Everyman Theatre, Liverpool – until 18 May 2019
Think Sweeney Todd and think gothic Victoriana; think Angela Lansbury camp, or a brooding Johnny Depp – there’s a lot of stylistic shorthand that comes with Stephen Sondheim’s take on the tale of the Demon Barber of Fleet Street.
So get down to the Everyman, and prepare to start all over again – and love every minute. Associate director Nick Bagnall’s vision is unique, intense and exciting, bringing out the very best of the venue and its performers.
Set in the round and with the cast in anachronistic, contemporary costume, his stripped-back Sweeney packs all the punch fans of the modern American opera would want and expect, and additionally brings so much more to the table.

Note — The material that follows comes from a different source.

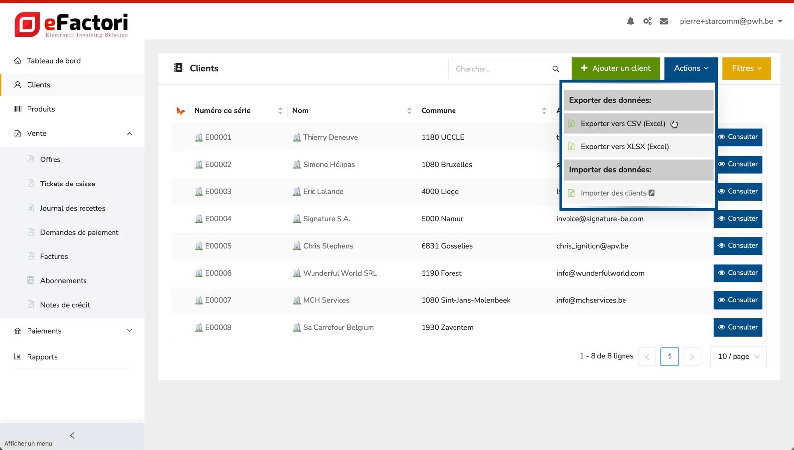 En partant des clients importés vous pouvez exporter des données en un simple clic depuis eFactori, ce qui se fait par le bouton bleu "Actions" en haut à droite. Le téléchargement d'un fichier csv ou Excel se fait de la même façon.

Musical director Tarek Merchant leads a four-piece band that not only provides a deceptively big, and faultless, sound, but the musicians also weave in and out the production as ‘extras’ as called for.
From the moment the nine-strong cast assemble to position themselves around a large, circular grid that comprises the set and begin The Ballad of Sweeney Todd, the intimacy and sense of urgency is arresting.
Among a mostly local cast stands a notable outsider – and bona fide EastEnder (Little Mo, as was) – in Kacey Ainsworth as Mrs Lovett. Too on the nose? Not a bit, it turns out. As the proprietor of the café with the worst pies in London, Ainsworth nails every scene, perfectly navigating black comedy and the drama of blacker misdeeds. Liam Tobin, a veteran of the Everyman’s ensemble experiment of recent years, takes the lead as Sweeney and carries the role with aplomb. They make excellent partners in crime.
But all round this is an ensemble that truly convinces and connects, both with themselves and with the audience. Such a familiar face on the Liverpool stage, Paul Duckworth proves he is still full of surprises, playing the abominable Judge Turpin with gravitas and a mean bass. Bryan Parry as wide-eyed naif Anthony and Keziah Joseph as Johanna give a musical theatre polish and presence to the central romance. Emma Dears, Shiv Rabheru, Dean Nolan and Mark Rice-Oxley complete a quite outstanding cast.
Fight director Kev McCurdy deserves a mention, too, for some of the most truly convincing tussles I can remember seeing on stage – Sweeney’s fight to the death with nemesis Pirelli (a scenery-chewing Nolan) busts some genuinely wince-inducing moves. And lighting designer Mark Jonathan illuminates stark and striking scenes throughout – Judge Turpin’s creepy Mea Culpa, multiple shadows cast against a cross, is a chilling highlight.
It’s not that the cast and crew make what they’re doing look easy, or fun; the gritty hustle and fight for survival on the streets of London is palpable with every turn of the rusty, revolving grid of a set, which the cast rotate themselves to portray everything from Mrs Lovett’s bakehouse to Bedlam.
The gore is more symbolic than graphic; there are no gimmicks necessary to ram the story home. The balance of comedy and tragedy is damn near perfect, and this production has an unforgettable, gutsy intensity that easily places it among the Everyman’s finest.